### Supplied material ###

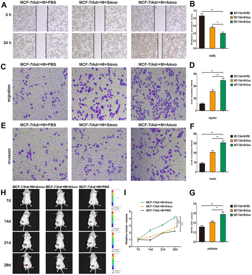 Cell migration and invasion was performed using the transwell assay. For migration assay, MCF-7/Adr cells were seeded on the top chamber. The conditioned medium from differently exosome-treated macrophages were added to the bottom chamber. For invasion assay, the undersides of 8-μm inserts were coated with matrigel (BD Biosciences, U.S.A.) at 37° C overnight before seeding cells. After 24 h incubation, cells that had migrated or invaded to the undersides of the inserts were fixed with 4% paraformaldehyde for 30 min, stained with 1% crystal violet solution, and counted under a microscope in three randomly chosen fields.
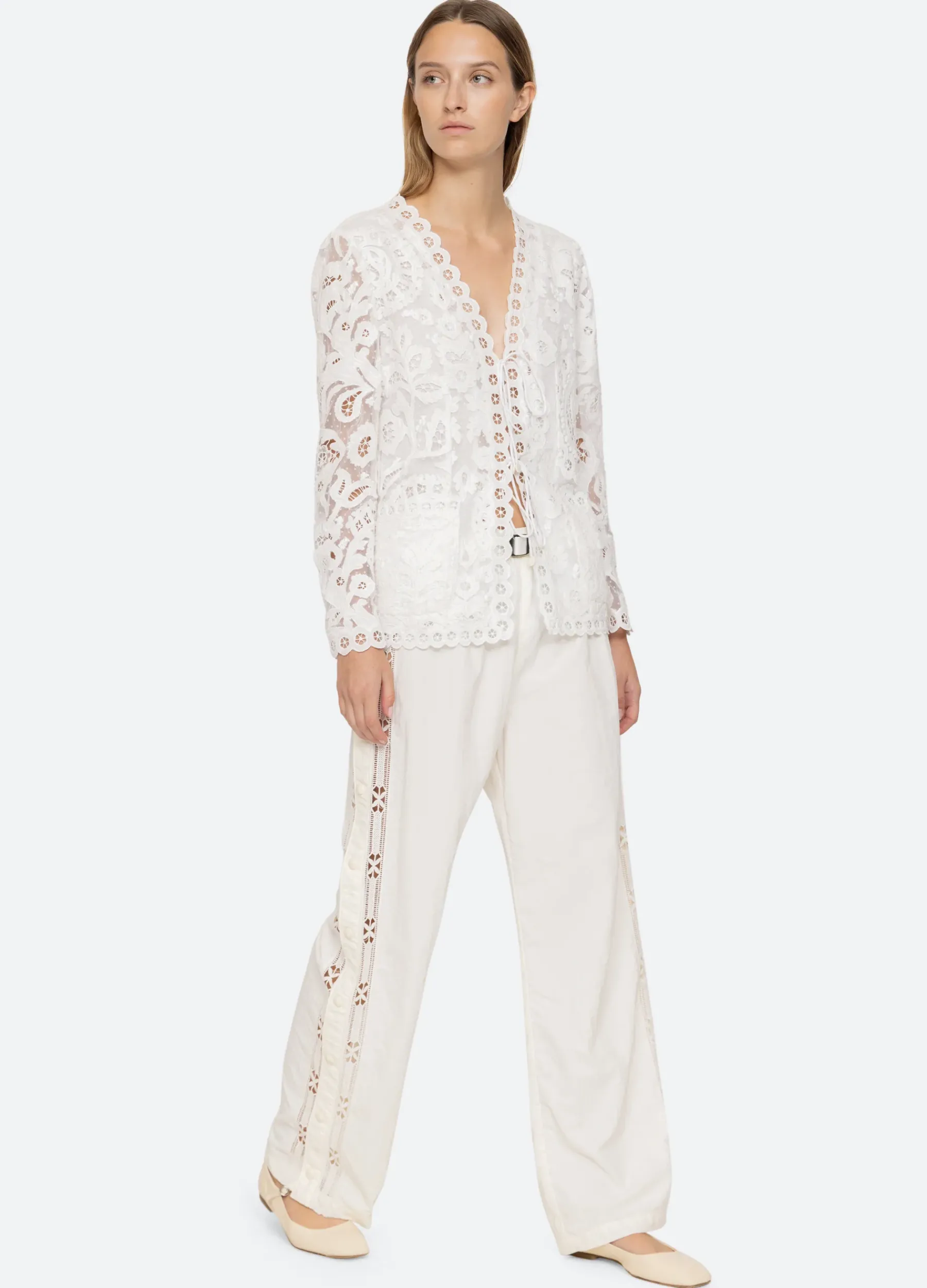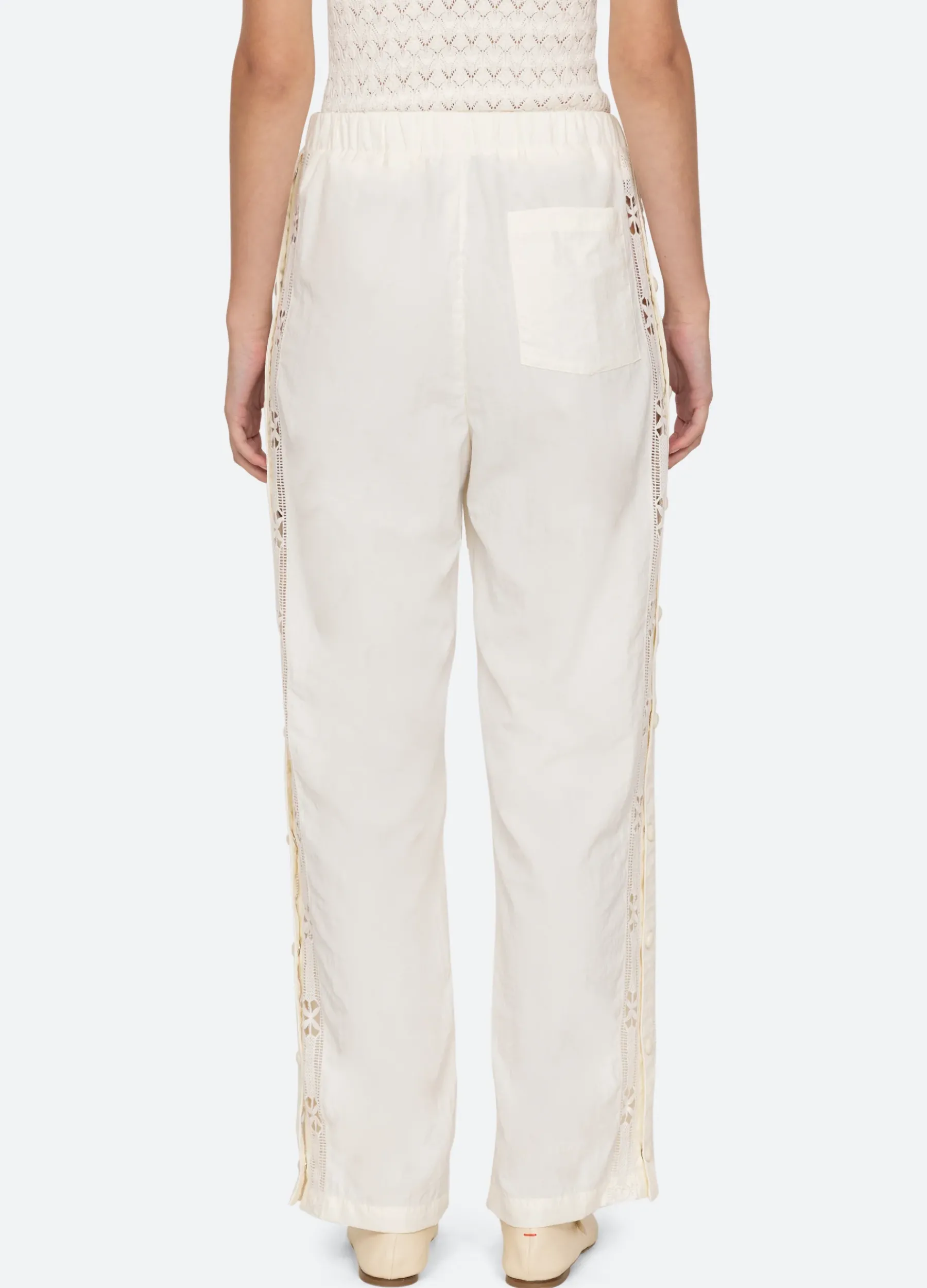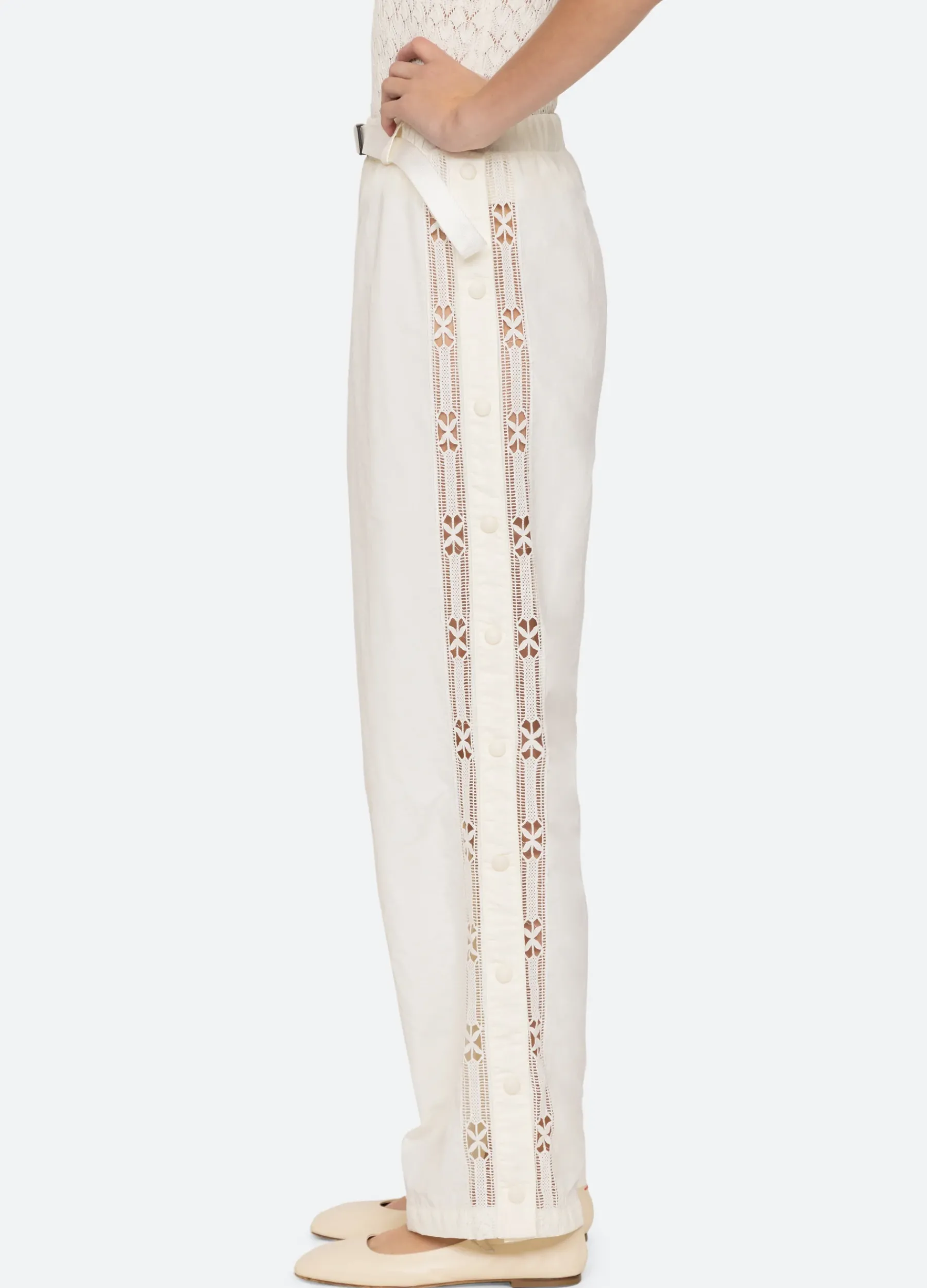 The Anisley windbreaker pants feature an elasticized waist with belt, lace trim detailing down the side of the leg.
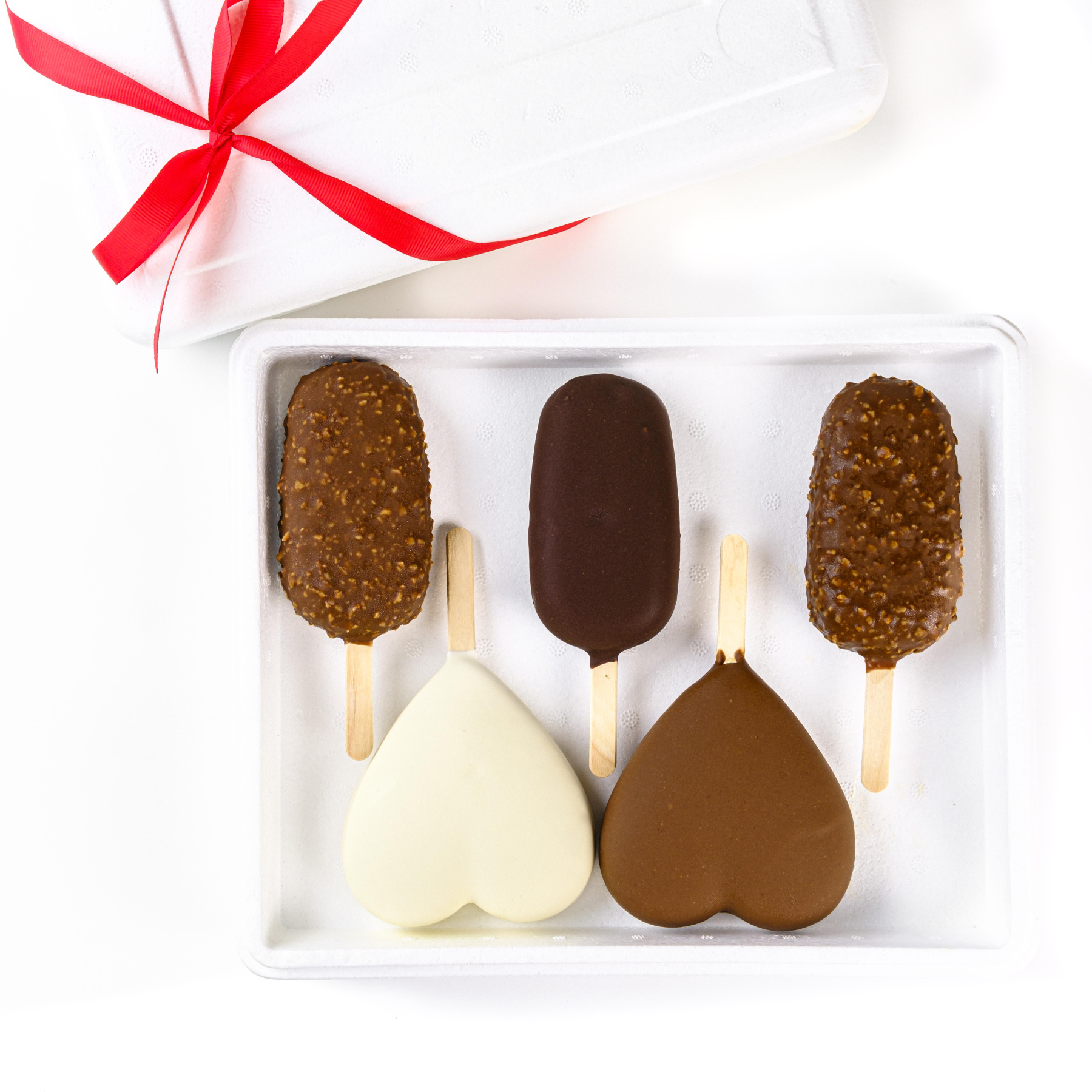 Морозиво солона карамель у формі серця в молочному шоколаді.
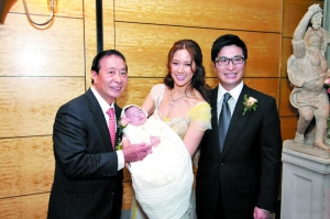 千亿新抱徐子淇与丈夫李家诚的次女李晞儿前日满3个月大,下午先举行“ Secret Garden”儿童茶会,晚间又举行豪华百日宴,估计花费约300万元。虽然不及姐姐晞彤当初连摆两晚的800万元“发实宴”,但同样深受宠爱。
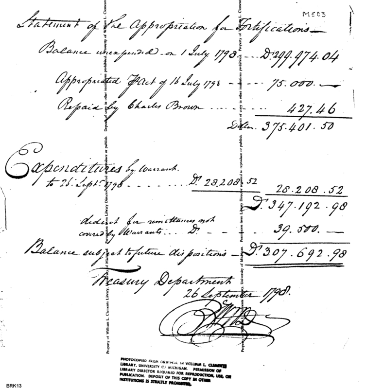 - Document: Statement of the appropriation for fortifications
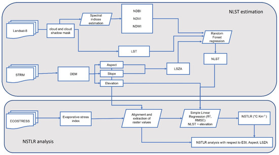 where NLST is LST modeled based on the surface biophysical characteristics and solar incidence angle, is non-linear linking model. Random Forest regression method was used to build the non-linear linking model between LST obtained and the predictors (NDVI, NDBI, NDWI and LSZA). Finally, NSTLR was calculated by a simple linear regression between NLST (dependent variable) and DEM (independent variable), where regression slope represents the NSTLR value [8,33].
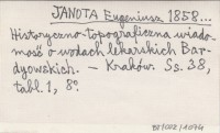 JANOTA Eugeniusz 1858... Historyczno-topograficzna wiadomość o wodach lekarskich Bardyowskich.
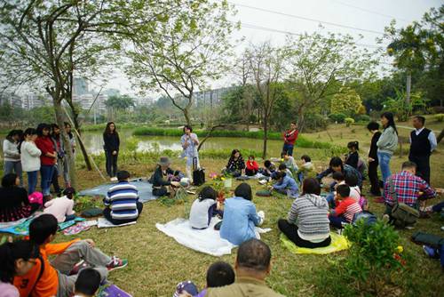 阳光下,吹着春风,我们满载去到插画点:中心湖里面的草坪。在微微花香中插花,我们把“花熏”的美好记忆永远留在脑海中。

###

* _Exercise details_
In the records above, find the line containing "- Document: Statement" and restate it and every line after it word for word, all pictures excluded.

* _Result for this exercise_
 - Document: Statement of the appropriation for fortifications
 where NLST is LST modeled based on the surface biophysical characteristics and solar incidence angle, is non-linear linking model. Random Forest regression method was used to build the non-linear linking model between LST obtained and the predictors (NDVI, NDBI, NDWI and LSZA). Finally, NSTLR was calculated by a simple linear regression between NLST (dependent variable) and DEM (independent variable), where regression slope represents the NSTLR value [8,33].
 JANOTA Eugeniusz 1858... Historyczno-topograficzna wiadomość o wodach lekarskich Bardyowskich.
 阳光下,吹着春风,我们满载去到插画点:中心湖里面的草坪。在微微花香中插花,我们把“花熏”的美好记忆永远留在脑海中。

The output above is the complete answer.